*Por Kika Gama Lobo
Uma imagem vale mil palavras… Enquanto uns fingem “cuidar das pessoas” outros tantos polemizam negando a vinda ou não de exposições culturais ao Rio por seu caráter pornográfico e vexatório. Imoral é essa foto que vi estampada na capa do Globo, nesta semana. De autoria do fotógrafo José Lucena, a menina mais velha venda os olhos da irmã menor para que a violência explícita da Rocinha não invada o olhar da pequenina. Corpos atirados no chão, tiros à deriva, sujeira, pornografia, falta de esgoto, limpeza, cidadania… é uma carência de tudo. A venda nos olhos dela diz muito. Não é a menina que não pode ver. Somos nós que somos cegos. Não queremos ver. Não queremos transformar. Mudar dá trabalho. Enfrentar que somos uma cidade partida dói. Trabalho em São Conrado a passos da Via Ápia – entrada da comunidade – e falo de carteirinha. Subi muita aquela favela. Fiz trabalho social, tinha a Coopa Roca como lojista do Fashion Mall além de uma amiga, a Polyana Simões, que tinha uma loja lá. Já montei muito em garupa de moto táxi para ir até a rua 1 e 2. Comi o sushi, comprei biquíni pirata, conheci manicures incríveis além de ter participado do projeto Cow Parade que instalou uma obra de arte em formato de vaca na escola municipal.

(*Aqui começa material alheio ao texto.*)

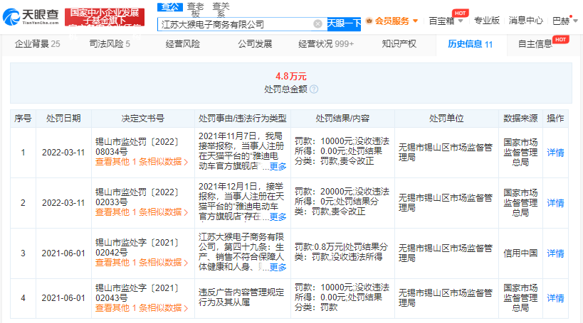 天眼查显示,2020年至2021年间,雅迪电动车在无锡、北京、广西和哈尔滨等多地的市场监管局的电动车质量抽检中,多次被检出多项质量安全不合规、不达标的问题。
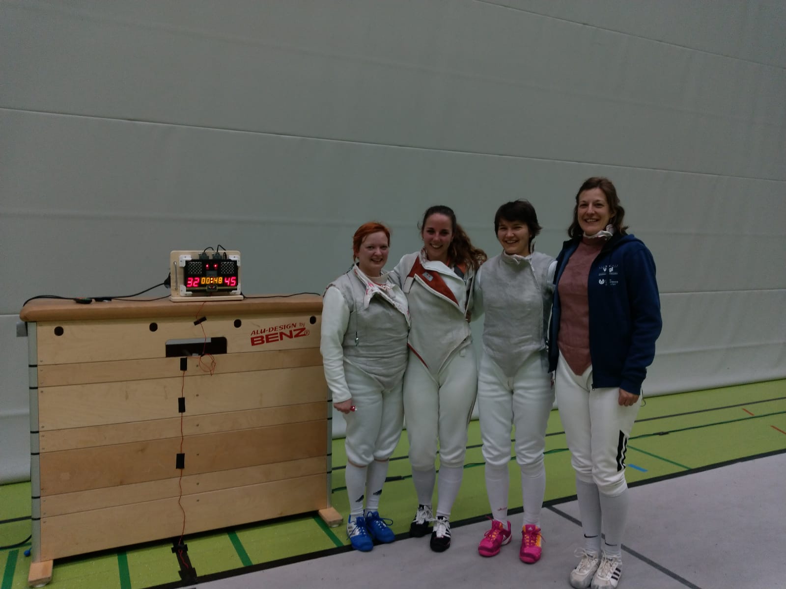 Nach einem Freilos in der ersten Runde des Deutschlandpokals der Damen im Florett haben sich unsere Mädels Marina Walter, Verena Glaser, Valerie Sporer und Katherina Biergrößlein souverän gegen TG Biberach mit einem 45 : 35 in die Runde drei gefochten.

E sigo dizendo. O carioca classe média alta e o rico não conhecem a Rocinha. Não querem conhecer. Não querem ver. Faz de conta que não existe. Só se preocupa quando pipocam balas no asfalto e aí sim fazem cara de antropólogos e tentam explicar o inexplicável.
A Rocinha tem mil virtudes. Não cabe aqui um glossário do que é cool, criativo, hype e fashion. Acho esse lado perverso. O que me choca do topo dos meus 53 anos é que muito pouco mudou. Os fios emaranhados, o fedor nas ruas, as vielas estreitas e lotadas de esgoto; os cachorros mancos, as crianças e jovens erotizadas, os trabalhadores honestos misturados aos Rubinhos e Sabiás da vida real. Tá tudo lá. Tá tudo dominado pelo tráfico e pela permissividade. Prefeito, não adianta banho de loja. O que precisamos é de poder público com pulso, investimento e vontade de transformar. Precisamos também que o cidadão carioca das classes mais abastadas frequente as favelas. Pare de não ligar os pontos. Precisamos construir pontes contra a cegueira. Do contrário, breu eterno.